CHICAGO, July 16 /PRNewswire/ -- A federal appeals court in Chicago breathed new life into a lawsuit brought by college sports fans against the National Collegiate Athletic Association.
The plaintiffs first filed suit in May 2008, claiming the NCAA pocketed millions through an illegal lottery for limited tickets to Division I championship games. The alleged lottery required customers to pay the full face value of the tickets prior to the lottery as well as a nonrefundable application fee. The lottery system has been in place since 1994.
Lottery winners received the tickets. Those who were not selected for tickets were refunded the full amount of the cost of the tickets, while the NCAA kept the application fee. Under Indiana law, only the state government may run lotteries. The plaintiffs claim that by distributing tickets to fans through a lottery system that requires a fee to be paid by the all participants, including unsuccessful applicants, the NCAA violated Indiana gambling laws.
A federal judge in Indianapolis dismissed the suit on all counts in 2009, ruling that the plaintiffs could not pursue the claim because they were equally involved in the illegal gambling. The plaintiffs' appeal was heard by the 7th Circuit Court of Appeals in Chicago in late March.
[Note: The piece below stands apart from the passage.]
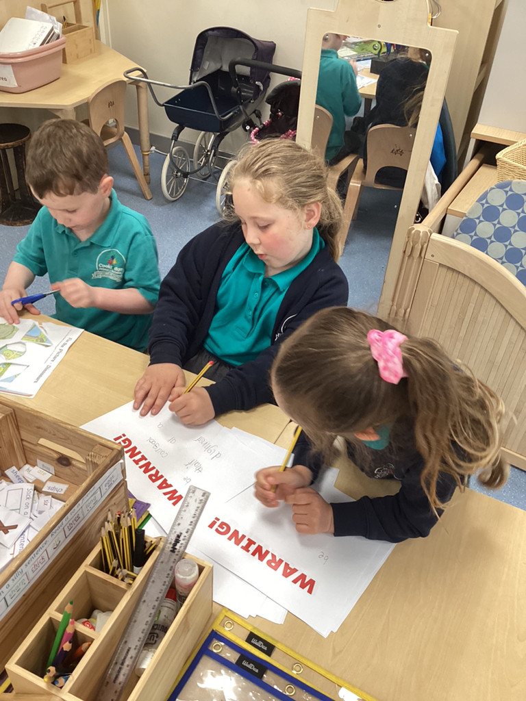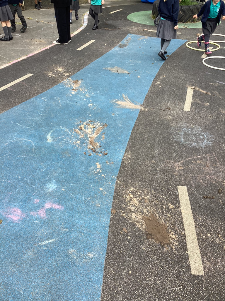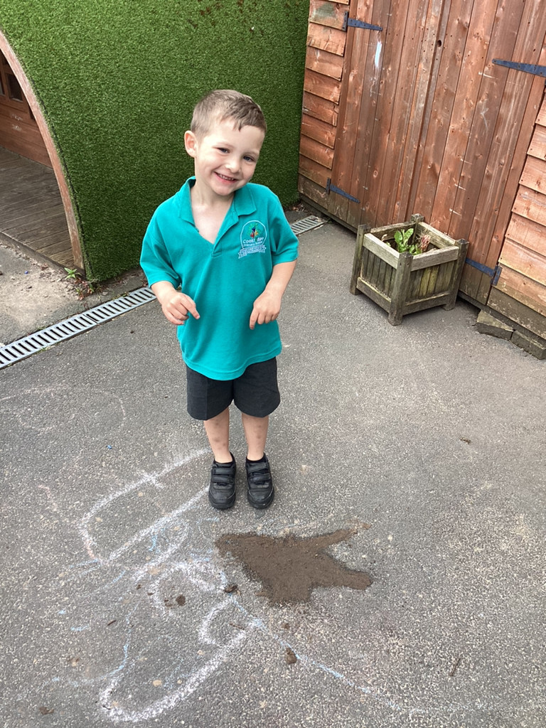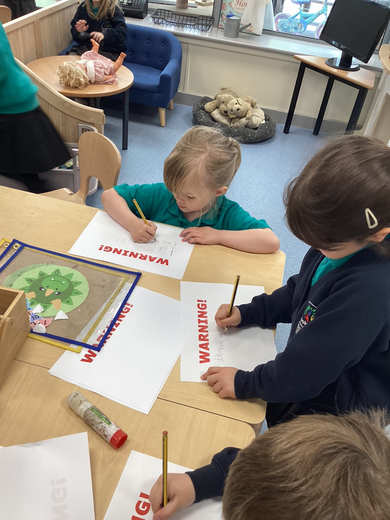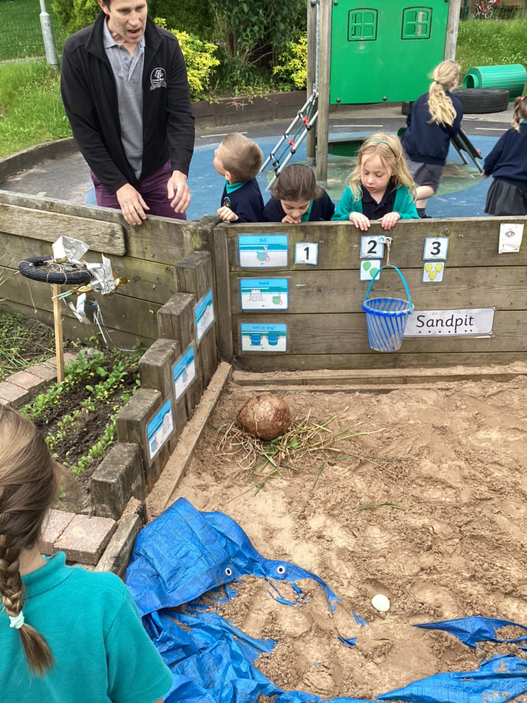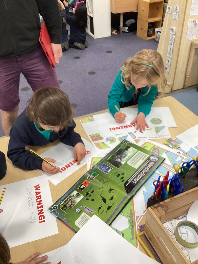STOP THE PRESS!!! On Friday morning, Reception made a very exciting discovery in the playground. As we went outdoors to explore, we were met with a trail of destruction and muddy prints that led to the sandpit. In the sandpit we discovered a large egg! The children were quick to look for clues and started making some startling conclusions. As we went on a hunt through the grounds, the children were eagle-eyed in spotting further clues as we potentially trailed the mummy dinosaur that had left us her egg to look after. There were prints, scratches, broken branches and vegetation strewn about the place, which led the children to conclude we must be dealing with a herbivore. Upon finding Nigel and Donut happily roaming their enclosure the children were confident that we are not looking for a carnivorous dinosaur – which came as a relief to many who had been worrying! Mr Coulson kindly let us borrow some special gloves so that we could move the egg indoors, whilst he went to check if the school’s security cameras had caught any glimpses of the mystery intruder. Meanwhile, the some children got busy in making some brilliant posters to warn the rest of the school of our exciting discovery and any potential dangers and others got busy cleaning up the mess that had been left behind!

The appeals court reversed the earlier decision to dismiss the suit and returned the case back to the Indianapolis court.
In its July 16 decision, the appeals court also ruled that:
- Plaintiffs have sufficiently argued that the NCAA's ticket distribution process may meet the three elements necessary to establish a lottery: a prize, an element of chance and consideration for the chance to win a prize.
- The NCAA's claim that its ticket distribution process is exempt under Indiana's definition of "gambling" does not hold water.
- The Indianapolis court erred when it ruled that the plaintiffs were equally at fault for their participation in the NCAA's scheme because they knew they were participating in a game of chance.
"The court recognized that customers ordering on the NCAA Web site were not knowingly gambling," said lead plaintiffs' attorney Rob Carey. "It also recognized that the entire process would have been legal if the NCAA had simply refunded the so-called handling fee."
The suit now moves into the discovery phase. Attorneys for both sides will exchange all potentially relevant documents and information regarding the case.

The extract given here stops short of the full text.